▶ Goal of the exercise:
Retype exactly what appears below from the line containing "A II. Világháború - részletes" down to the line containing "Nowoczesny dom jednorodzinny", keeping both end lines. Do not include pictures.

▶ The records:
▽

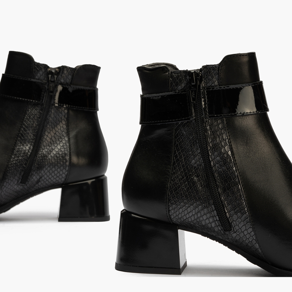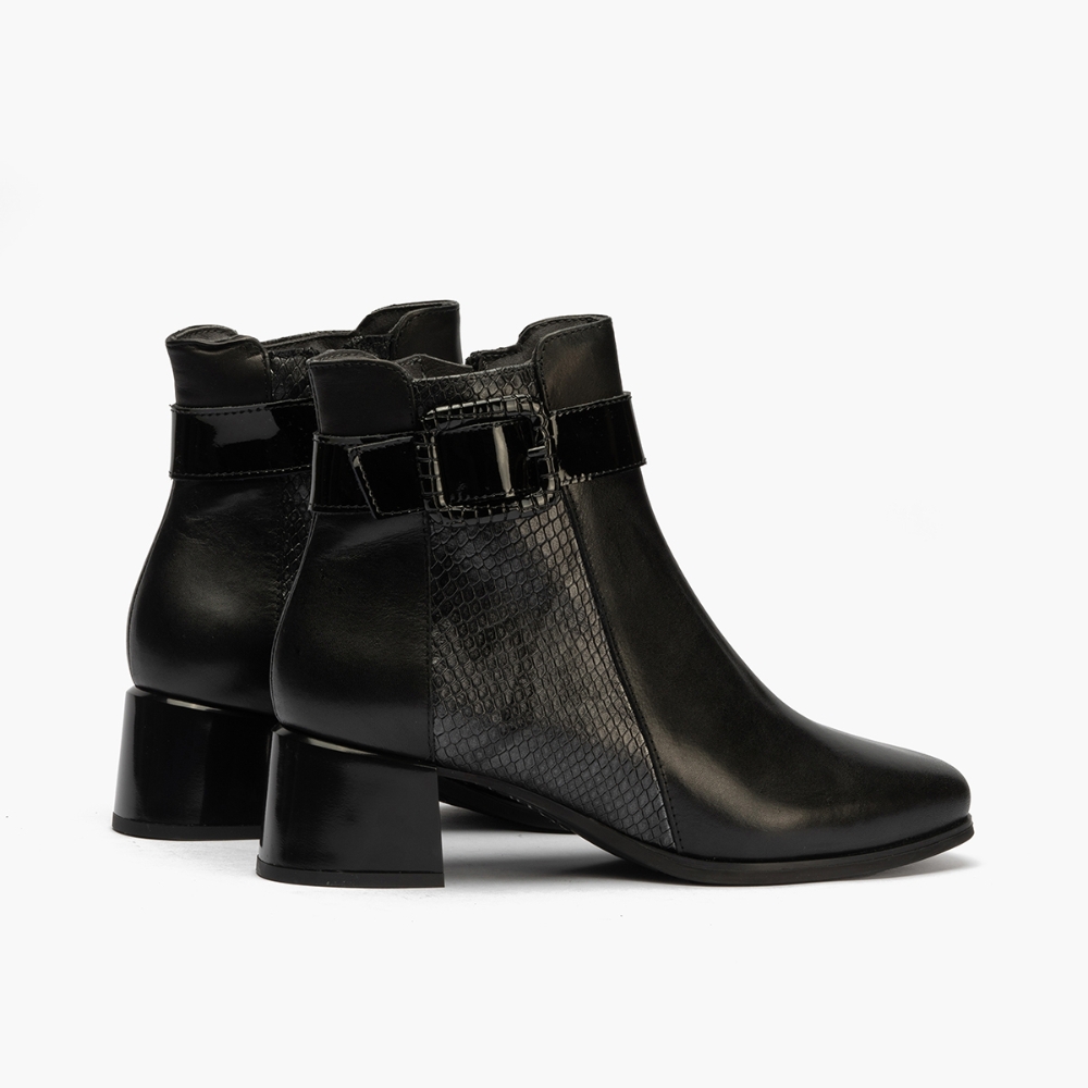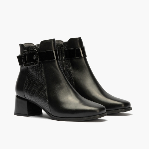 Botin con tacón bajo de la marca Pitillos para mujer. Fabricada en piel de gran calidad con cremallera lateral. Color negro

△
▽

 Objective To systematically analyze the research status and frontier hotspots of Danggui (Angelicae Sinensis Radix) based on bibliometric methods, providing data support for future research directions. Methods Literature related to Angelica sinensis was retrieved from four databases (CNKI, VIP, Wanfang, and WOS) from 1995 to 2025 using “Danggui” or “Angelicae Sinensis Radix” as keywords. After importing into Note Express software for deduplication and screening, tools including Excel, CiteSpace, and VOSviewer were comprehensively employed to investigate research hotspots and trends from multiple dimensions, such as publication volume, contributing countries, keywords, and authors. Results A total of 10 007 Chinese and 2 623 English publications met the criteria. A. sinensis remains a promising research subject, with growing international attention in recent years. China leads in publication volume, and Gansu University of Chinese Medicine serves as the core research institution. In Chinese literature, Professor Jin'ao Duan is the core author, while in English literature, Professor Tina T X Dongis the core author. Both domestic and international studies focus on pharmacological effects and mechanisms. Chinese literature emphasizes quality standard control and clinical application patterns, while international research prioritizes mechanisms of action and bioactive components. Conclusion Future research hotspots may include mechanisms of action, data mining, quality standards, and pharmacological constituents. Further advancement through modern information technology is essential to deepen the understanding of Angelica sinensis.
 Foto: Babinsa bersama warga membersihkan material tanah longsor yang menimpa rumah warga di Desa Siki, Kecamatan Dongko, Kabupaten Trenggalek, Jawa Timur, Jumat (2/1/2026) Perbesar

△
▽

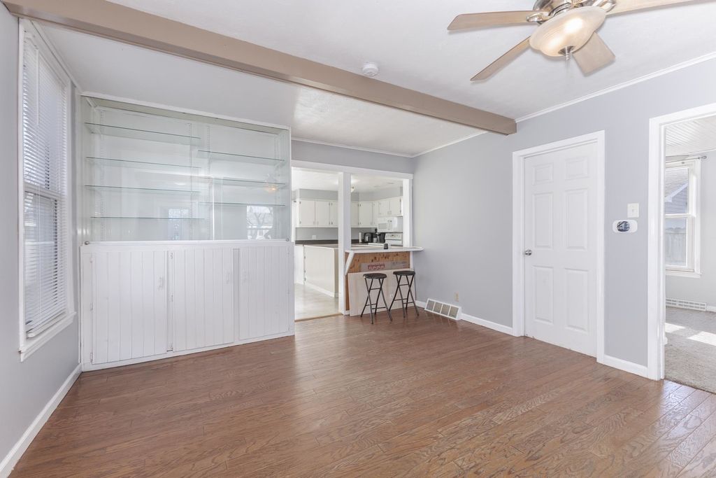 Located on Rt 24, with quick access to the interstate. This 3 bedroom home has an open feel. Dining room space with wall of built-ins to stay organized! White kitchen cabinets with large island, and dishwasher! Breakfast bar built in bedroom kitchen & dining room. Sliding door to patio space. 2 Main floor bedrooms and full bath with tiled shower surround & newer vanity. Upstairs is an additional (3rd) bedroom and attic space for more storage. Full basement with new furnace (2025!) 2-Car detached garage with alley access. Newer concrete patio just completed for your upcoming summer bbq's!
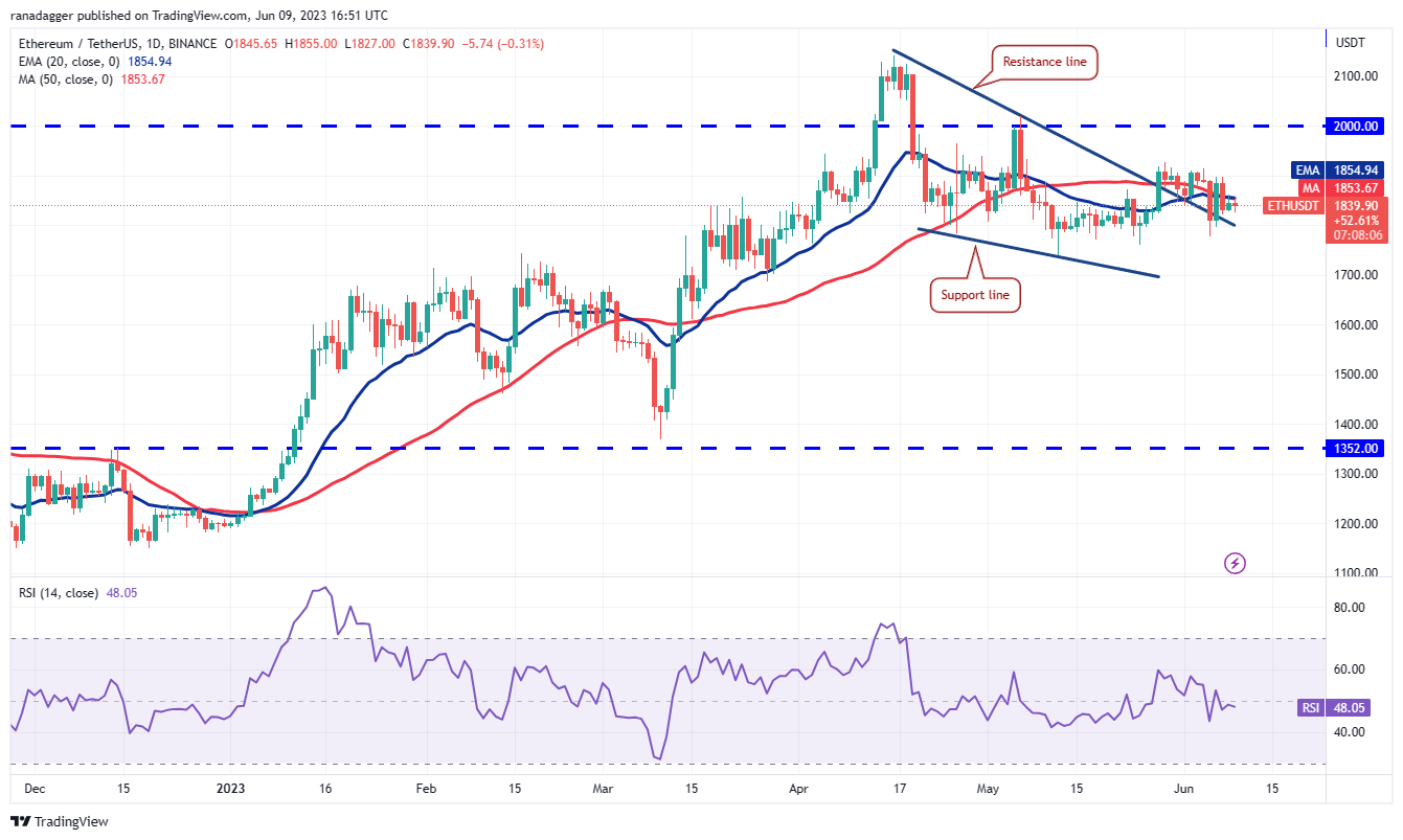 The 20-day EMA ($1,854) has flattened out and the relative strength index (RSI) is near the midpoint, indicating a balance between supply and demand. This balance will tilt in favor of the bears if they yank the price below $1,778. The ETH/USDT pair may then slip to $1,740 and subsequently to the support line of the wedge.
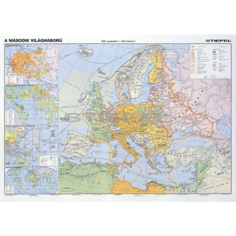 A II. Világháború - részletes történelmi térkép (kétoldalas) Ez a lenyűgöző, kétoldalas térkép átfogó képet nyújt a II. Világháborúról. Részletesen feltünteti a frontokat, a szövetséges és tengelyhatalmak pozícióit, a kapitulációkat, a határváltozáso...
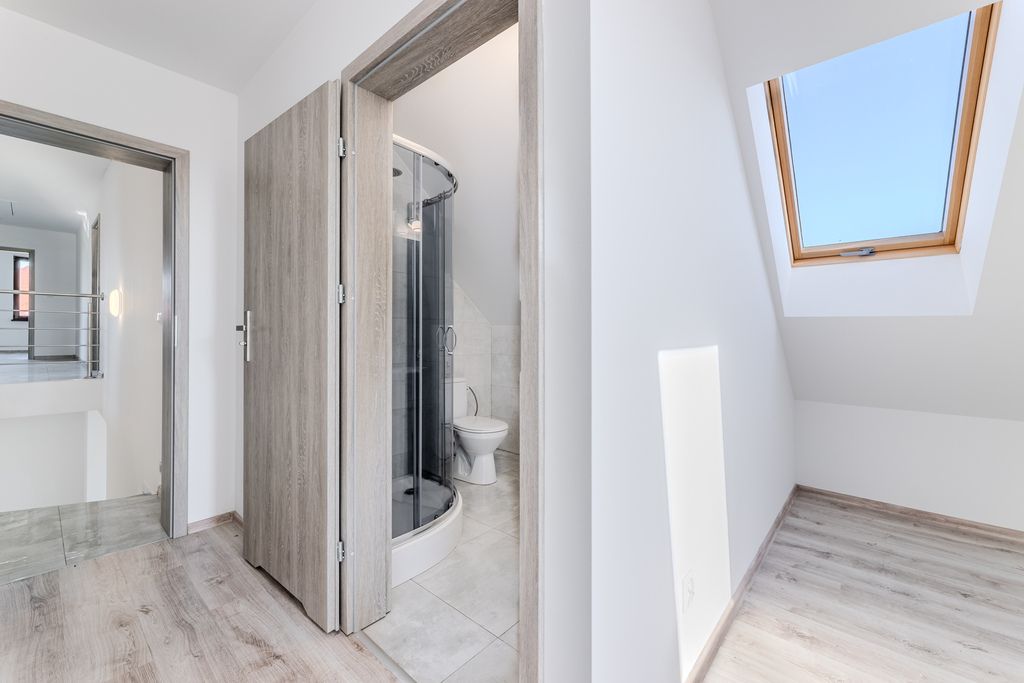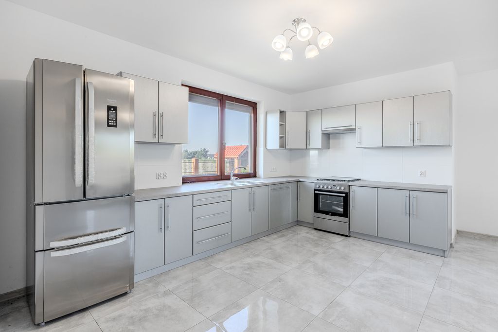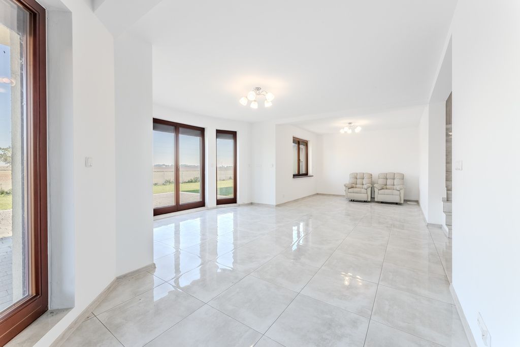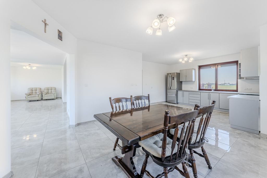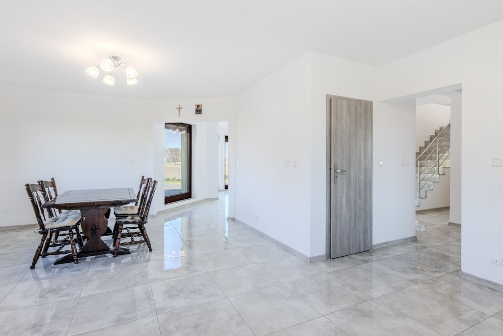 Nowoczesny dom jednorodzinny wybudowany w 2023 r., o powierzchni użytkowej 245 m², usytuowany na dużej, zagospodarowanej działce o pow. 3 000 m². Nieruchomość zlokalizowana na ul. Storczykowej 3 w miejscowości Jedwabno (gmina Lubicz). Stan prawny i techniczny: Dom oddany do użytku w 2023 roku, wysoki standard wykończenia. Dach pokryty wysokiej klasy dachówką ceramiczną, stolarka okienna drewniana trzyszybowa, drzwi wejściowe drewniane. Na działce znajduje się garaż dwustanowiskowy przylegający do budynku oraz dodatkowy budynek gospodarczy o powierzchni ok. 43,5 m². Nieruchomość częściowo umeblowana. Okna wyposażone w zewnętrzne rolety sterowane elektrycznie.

△

▶ Output of the exercise:
 A II. Világháború - részletes történelmi térkép (kétoldalas) Ez a lenyűgöző, kétoldalas térkép átfogó képet nyújt a II. Világháborúról. Részletesen feltünteti a frontokat, a szövetséges és tengelyhatalmak pozícióit, a kapitulációkat, a határváltozáso...
 Nowoczesny dom jednorodzinny wybudowany w 2023 r., o powierzchni użytkowej 245 m², usytuowany na dużej, zagospodarowanej działce o pow. 3 000 m². Nieruchomość zlokalizowana na ul. Storczykowej 3 w miejscowości Jedwabno (gmina Lubicz). Stan prawny i techniczny: Dom oddany do użytku w 2023 roku, wysoki standard wykończenia. Dach pokryty wysokiej klasy dachówką ceramiczną, stolarka okienna drewniana trzyszybowa, drzwi wejściowe drewniane. Na działce znajduje się garaż dwustanowiskowy przylegający do budynku oraz dodatkowy budynek gospodarczy o powierzchni ok. 43,5 m². Nieruchomość częściowo umeblowana. Okna wyposażone w zewnętrzne rolety sterowane elektrycznie.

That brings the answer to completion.